Geopolitics and energy

With Russia’s invasion of Ukraine triggering sanctions and potentially cutting off supplies of fossil fuels, the transition to clean energy just got more complicated.

Wind turbine

Advisers seeking to help clients work out the financial, environmental and ethical implications of investing in fossil fuel companies (or not) were already facing a complex issue. And then the war in Ukraine happened.  

Old hands in the energy industry talk of the energy ‘trilemma’ — the competing aspects of security of supply, affordability and dealing with climate change. Last year’s Glasgow COP summit, along with other urgent reports that preceded it, focused attention on the fight to limit climate change. Yet the affordability question was creeping back into view long before tanks rolled over the Ukrainian border. With the conflict threatening Europe, the energy industry is in the middle of a perfect storm.
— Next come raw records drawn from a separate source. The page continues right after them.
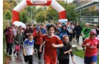
Die Realschule Zirndorf veranstaltet einen Sponsorenlauf.
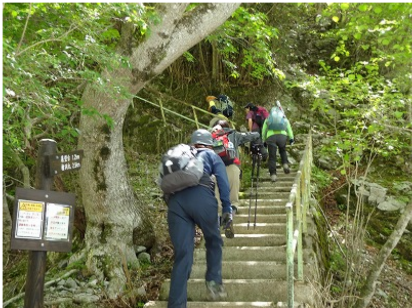
10:30 出発これから急登りが始まる。 最初は石段で。
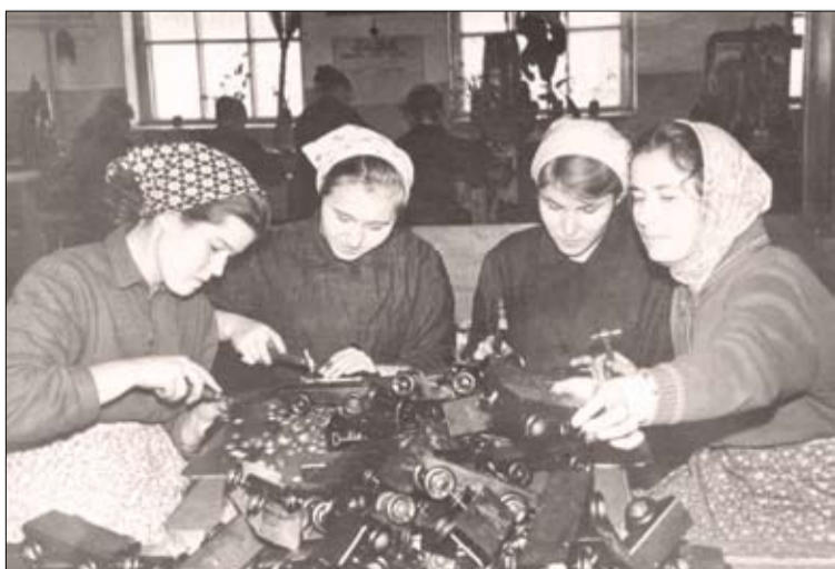
А так здесь было лет 30 назад.

А начиналось все в июле 1946 года, когда решением исполкома Свердловского областного Совета депутатов трудящихся был создан Верхнепышминский инструментальный завод № 10 Облметаллотреста на базе производственных площадей и промфонда ликвидированного горпромкомбината. В 1948 году предприятие, которое производило тогда серпы, лопаты, ложки, банки, было переименовано в металлзавод № 10. В декабре 1952 года, в соответствии с постановлением Совета Министров РСФСР, на предприятии начали осваивать производство металлических заводных игрушек. И в марте 1954 года с конвейера сошла первая партия, а уже в 1960 году на ВДНХ СССР экспонировалось 15 видов игрушек, собранных в Верхней Пышме. В 1965 году завод переименован в фирму «Радуга», а позднее — в одноименное производственное объединение.
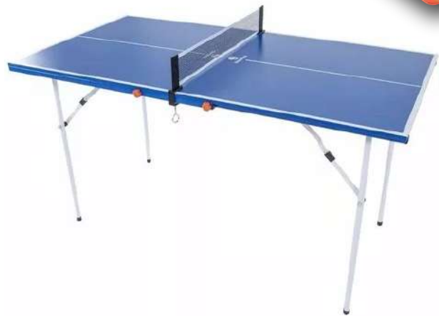
MESA DE PIN-PON
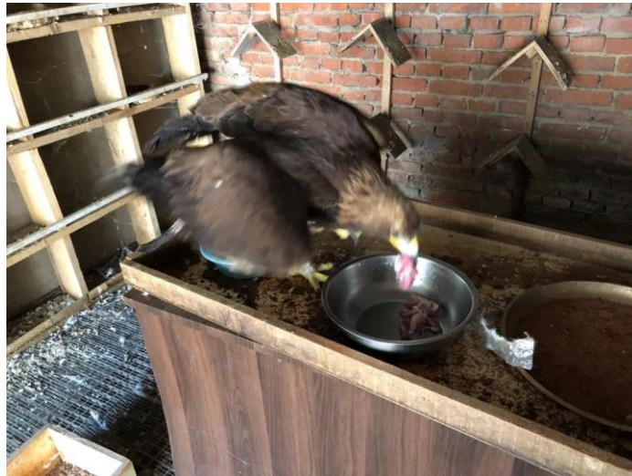
正在进食的金雕

到达基地后，工作人员对金雕投喂羊肉、活鸽、活鸡进行饲喂，以便其恢复体力。经几天观察，金雕行为正常，除左爪部有淤肿外，未见其他异常。饲养人员与金雕熟悉后，中心工作人员和秦皇岛市生物技术及应用研究所专家通过近距离观察，23日上午发现左爪内有刺，经处理已拔出。同时，中心积极联系兽医，下午带到宠物医院进行进一步处理。待观察会诊后将采取合理医疗手段对其展开治疗，以期恢复健康。
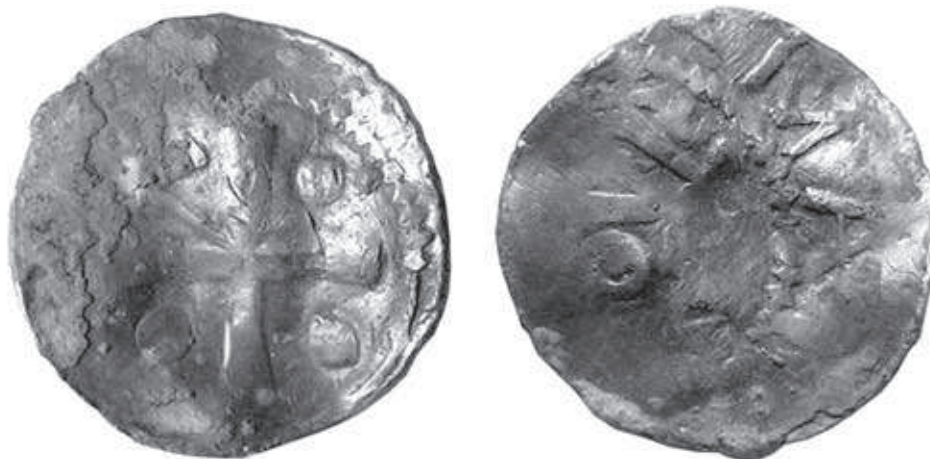
Ryc. 9. Łekno. Denar Ottona III. Powiększenie — średnica oryginału 16 mm; za BOGUCKI 2006a, s. 100, ryc. 10
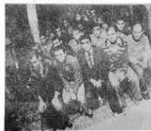
Πάνω άπό 150.000 πολιτικοί κρατούμενοι
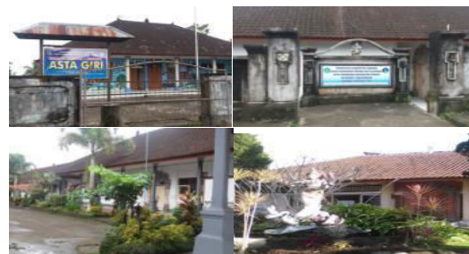
Gambar 4. Sekolah TK, SD, dan SMP di Desa Belatungan

Potensi yang dimiliki Desa Belatungan ditinjau dari bidang pendidikan yaitu sudah terdapat sekolah formal pada pendidikan dasar dan menengah antara lain: TK Asta Giri, SD Negeri 1 dan 2 Belatungan, dan SMP Negeri 3 Pupuan. Adapun potensi bidang pendidikan tersebut selengkapnya dapat dilihat pada Gambar 4.
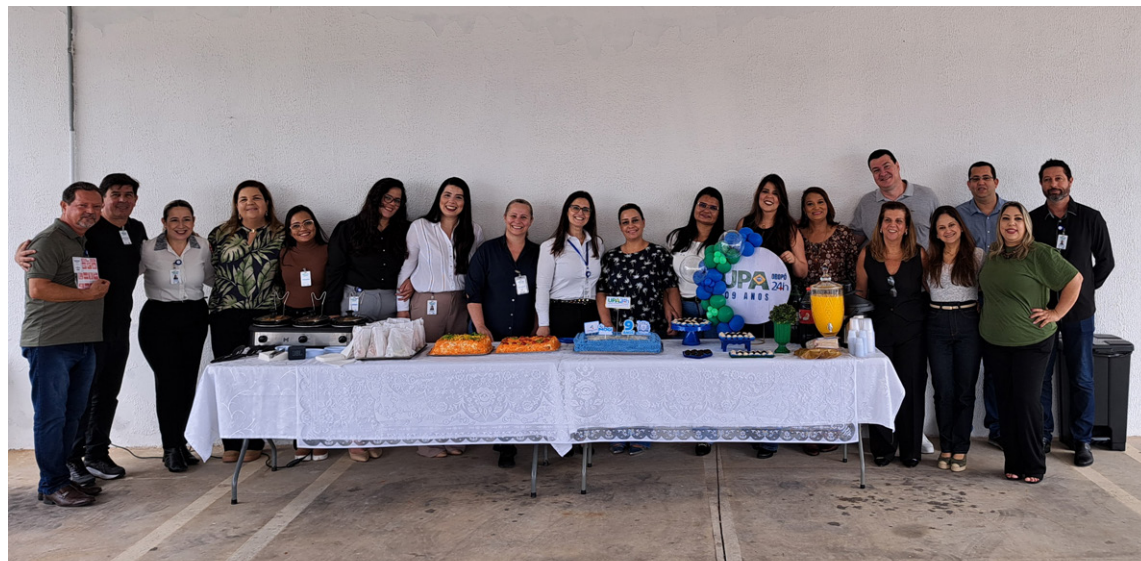
Data festiva reuniu profissionais e gestores da unidade

“A UPA Oropó é um marco para a saúde pública de Mogi das Cruzes. Participei da sua implantação como secretário de Saúde e, hoje, como vice-prefeito, é motivo de orgulho ver uma unidade consolidada, salvando vidas diariamente e com equipes tão
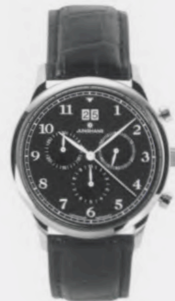
Tempora Chronograph 041/4690.00
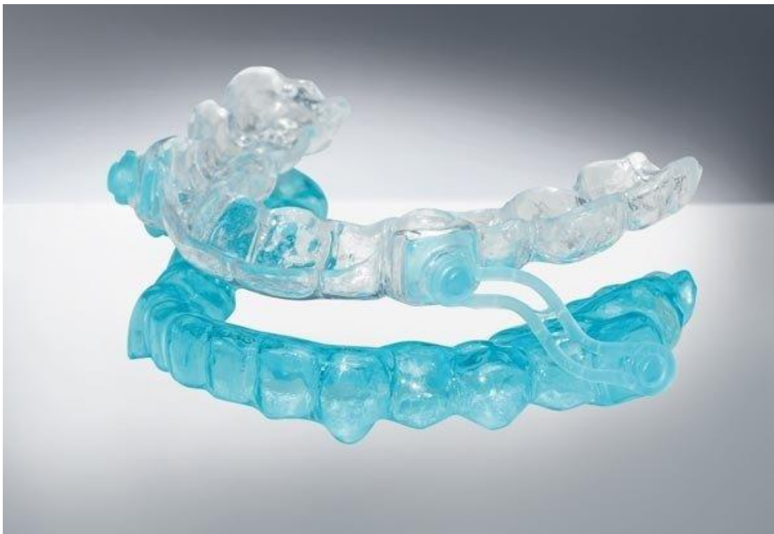
Slika 2. Silensor intraoralna udlaga za liječenje apneje. Preuzeto sa interneta: SleepPro. Dostupno na: https://www.sleeppro.eu/silensor-verstelbare-snurkbeugel.html .

prednji položaj (engl. Mandibular Advancement Device, MAD) i tzv. podizač jezika (engl. Tongue Retaining Device, TRD). Podizač jezika nije se pokazao učinkovitim u liječenju pacijenata s opstrukcijom apnejom, dok su MAD udlage danas sve više korištene kao terapijsko sredstvo u liječenju OSA (35). MAD udlage uzrokuju protruziju i stabilizaciju donje čeljusti kako bi osigurali prohodnost gornjih dišnih puteva (41). Postoje konfekcijske tzv. „boil and bite“ udlage koje su poluprilagodljive i nisu udobne za korištenje te individualne, prilagodljive „custommade“ udlage koje se izrađuju na temelju individualnog otiska gornje i donje čeljusti za svakog bolesnika (35). Uz podjelu na individualne i konfekcijske, MAD udlage mogu se podijeliti i na titracijske, s mehanizmom koji omogućava minimalni pomak pri protruziji donje čeljusti, te na udlage bez mogućnosti titracije, kod kojih je donja čeljust uvijek u istom položaju, a kao najučinkovitije su se pokazale udlage koje omogućuju titraciju tijekom liječenja (35).
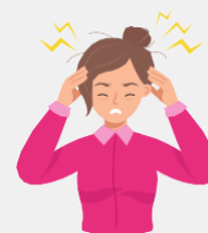
Dor de cabeça
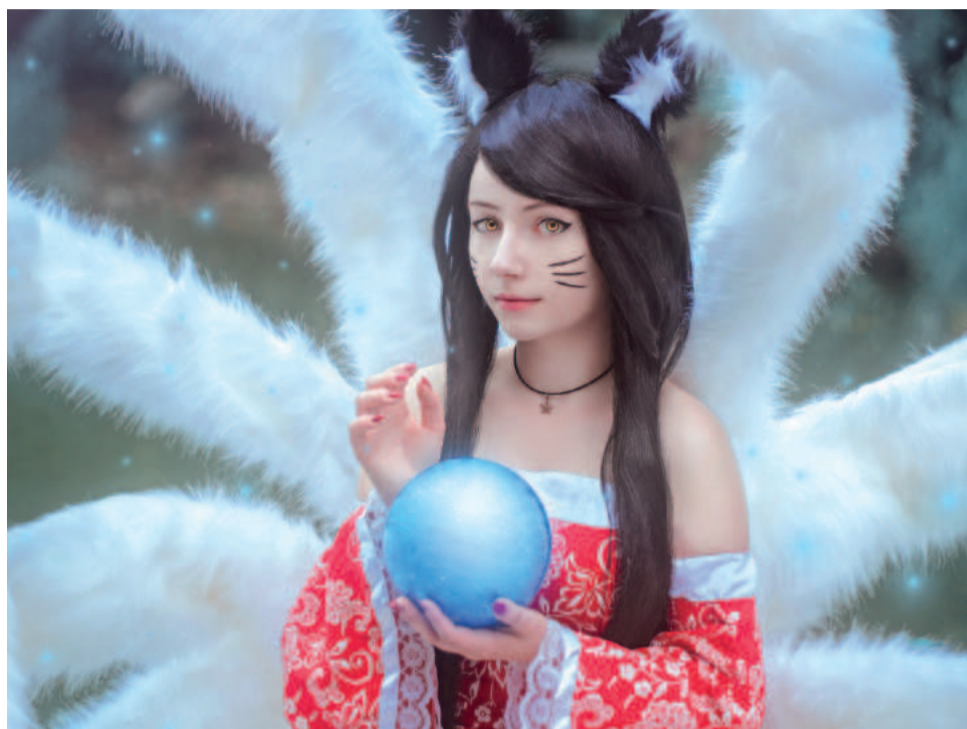
Pierwszy cosplay - Ahri z League of Legends

Pamiętam, że początkowo nigdzie w internecie ani w hurtowniach nie mogłam znaleźć materiału z odpowiednim wzorem. Ostatecznie idealna okazała się... stara, już zniszczona i pościęta sukienka. A jednak udało się z niej stworzyć coś nowego. Z kolei ogony powstały z drutu i całej masy sztucznego futerka, a przymocowane były do deseczki na moich plecach. Samo szycie trwało około trzech tygodni, ale teraz idzie mi to już trochę szybciej, bo robiąc cosplay mieszczę się w tygodniu – dwóch. Trzeba też zaznaczyć, że moje stroje opierają się głównie na szyciu. Nie są to skomplikowane, pełne zbroje, dlatego nie pracuję raczej z drewnem czy metalem. Korzystam natomiast z pianki, która jest

Fossil fuel companies were already under pressure to accelerate investment and production to head off a damaging leap in oil and gas prices, even before Russia’s invasion and threats to its energy exports. For most companies, increasing demand in itself would not be a bad thing, but fossil fuel producers face the thorniest problem: future demand for their products is in serious question if the world is to abide by its emission reduction goals. In this context, it might make business sense to cover the energy shortfall by shifting the risk to other industries or by investing as little with the long-term remedy as possible. Unfortunately, the energy sources that can be increased more easily in the short term, coal and fracking, have high environmental costs.

Cut your principles or demand?

What does this mean for the companies in the middle of the trilemma, with two pressing short-term crises enveloped in a long-term existential threat?

In the short term, the pressure has been to align with international sanctions on Russia. BP announced the sale of its stake in Rosneft, while Shell said it is withdrawing from Russian oil and gas activities. At the same time, the industry is buoyed by the highest oil prices for many years. How and where they choose to invest the unexpected surplus is crucial. BP recently released its statistical review of world energy, a high-profile event in the energy industry, with an increased focus on the climate angle. One of its key findings is that the world spent almost twice as much on developing fossil fuels as it did on renewables between 2015 and 2019 — and that this trend needs to be reversed to keep the goals of the Paris Agreement in sight.

What about consumers? Sky high energy bills and a looming cost of living crisis are at their door. As the old adage goes, the solution to high energy prices is high energy prices. People take careful stock of their usage and tend to reduce demand naturally. But that might not be enough to soften the landing from the crisis in the energy markets, especially among the vulnerable.

One way to address short-term supply constraints is to approve renewed investment in coal and gas power. A cleaner and more productive way to reduce energy costs would be to curb energy demand by insulating Britain’s notoriously creaky homes. Households are the largest UK users of natural gas, and make up about 17% of the nation’s greenhouse gas emissions. This is something we’ll be exploring in more depth later this year in a report on the role of buildings and construction in combating climate change.

One construction industry group believes a £5 billion government insulation drive could employ around 100,000 people in each region to get the job done over the next five years or so. An energy efficiency lobby group calculates that improving the nation’s 15 million lowest-rated homes would save households £500 a year, which equates to somewhere in the region of £7.5 billion of recurring savings. That saved money could then be spent or invested by families, which would in turn benefit businesses and also the government, in terms of increased tax revenues. Perhaps ‘Insulating Britain’ will be a far less divisive issue in 2022.

Thinking about the future

To ignore the long-term climate crisis while minds are understandably focused on dealing with the immediate turmoil of the war in Ukraine and soaring energy prices would be a mistake.

The energy transition was never going to be straightforward, and it’s still possible to make short-term decisions within a long-term framework which protects our shared future. Governments have a vital role to play in ensuring their energy strategies get the balance right.

Protecting our climate and ensuring security of energy supply need not be irreconcilable. In fact, solving one may solve the other. As German Finance Minister Christian Lindner said, “Renewable energy is freedom energy.”